Inside every living cell, internal structures are continuously moving about. Under a microscope, organelles such as the nucleus, mitochondria, transport vesicles, or even external flagella wobble and twitch. This may happen spontaneously as these tiny structures are passively jostled inside a cell. But that’s not necessarily all there is to it. Often a cell invests extra energy into these motions to enhance cell functions in ways we don’t yet understand.
At the microscopic scale, particles in a fluid or a gas can move about in response to bombardment by the surrounding molecules. Such passive, thermally-induced motions are often very hard to distinguish from actively driven movements, and it can be impossible to tell just by looking whether particular motions inside a cell are simply thermal or pushed by some extra input of energy.
Now scientists at MIT, the University of Göttingen, Ludwig Maximilians University of Munich, the Free University Amsterdam, and Yale University have developed a noninvasive data analysis technique that can discern whether an object’s random motion is actively or thermally driven. After tracking the conformations or locations that a structure within the cell or a particle passes through as it moves, and observing how the particle transitions back and forth between such states, the researchers apply a fundamental principle of statistical physics to determine whether the random motions are active or thermal.
Nikta Fakhri, assistant professor in MIT’s Department of Physics, says the results will help scientists to uncover “hidden” active processes that drive a cell’s constituents to move in seemingly random ways.

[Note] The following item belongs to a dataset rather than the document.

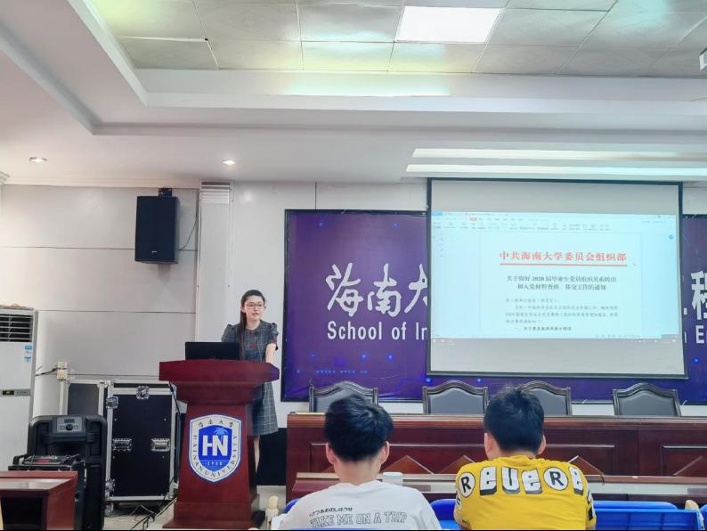随后,贾宝莹老师向同学们讲解党团组织关系转接等相关事宜。她就组织关系转出中的基本原则、具体流程以及去向表填写分别做了详细的说明,介绍了毕业生党员团员档案情况与组织关系转出的关系,并依照往年的工作经验,就相关注意事项做了特别说明,反复强调了同学们易忽视、易出错的地方。最后,贾老师就毕业生离校期间的各项工作进行了部署。

“We want to see if particular dynamics in living systems — be those cells or tissues or whole organisms — that look at first glance like random thermal motion are indeed actively driven,” says Fakhri, who is a first co-author on the paper. “This is important because there must be a vital function connected with the process if the cell spends energy on it. Our work provides a practical experimental method to identify active, nonequilibrium processes in observations of biological systems.”
Fakhri and her colleagues have published their results today in the journal Science.
Shaking things up
Observations of the movements of microscopic particles date back to 1827, when Scottish botanist Robert Brown was looking through a microscope at pollen grains in water. He noticed that the grains contained tiny particles that jiggled vigorously, and at first glance believed that their motion meant the particles were somehow alive and moving on their own. Eventually, Brown retired this theory when he observed the same jiggling with inert particles from rocks, realizing that just seeing a particle moving doesn’t necessarily mean it is alive.
Scientists now know that such particles are being pushed around by even smaller water molecules, which themselves are jiggling. At elevated temperatures, water molecules possess kinetic energy and can remain forever restless. At microscopic scales, these tiny molecules and atoms can “bombard” other much larger particles. This phenomenon is now known as Brownian motion. Scientists today are so used to seeing Brownian motion that they often assume that a particle moving in a random fashion is likely to be at thermal equilibrium — a state in which a system is not dissipating any energy, and therefore inanimate.
In living cells, of course, many organelles or particles tend to move in a “ballistic” fashion, traveling across some distance, with a clearly directed or oscillatory trajectory. These types of motions, Fakhri says, represent an animated state that must be out of equilibrium, requiring a system to expend energy. What is interesting, however, are situations where particles jiggle randomly and seem to be in equilibrium, but in reality move actively.
Frame by frame
Fakhri and her colleagues set out to develop a statistical physics technique that would enable them to tell, just by imaging a particle, whether its random motions are thermal or active in nature.
Using video microscopy, they studied, frame by frame, the oscillatory motion of the flagellum of a Chlamydomonas algae. They deconstructed the backbone of the flagellum into a series of shapes, thus creating a phase space of the states the flagellum passes through as it completes an oscillatory cycle. They then counted the transitions between states. In thermal equilibrium, the back-and-forth transitions between all states must be balanced. However, they observed a clear imbalance in these transitions, confirming the already known fact that the flagellum expends energy for this active oscillatory motion.
Next, they analyzed the motions of a kidney cell’s cilium — an antenna-like appendage that at first glance appears to be jiggling back and forth passively. By tracking the cilium’s orientation and curvature, and counting transitions between states, they observed a slight imbalance in the transitions, pointing to an unexpected active process that drives the cilium, despite its passive appearance.
“This is a great paper, and somewhat a proof of principle,” says Gavin Crooks, senior scientist at Lawrence Berkeley National Laboratory. “Their method has the potential to be applicable to lots of cellular processes — we'll get deeper insights into the flow of information and energy through the cell, and what makes these molecule machines tick. You could imagine using these methods to examine if a piece of cellular machinery is working the way that it's meant to.”
Fakhri says the new method will help scientists to uncover new ways in which cells dissipate energy — which, ultimately, is the key to sustaining life. After all, as the Austrian physicist Erwin Schrödinger noted, “Living matter evades the decay to thermal equilibrium.”
“Almost a century later, through the work of this collaboration, we can now go further and find out how cells budget their energy and particularly why they often expend a lot of energy to create these apparently random motions,” Fakhri says.
This research was funded, in part, by the International Human Frontier Science Program.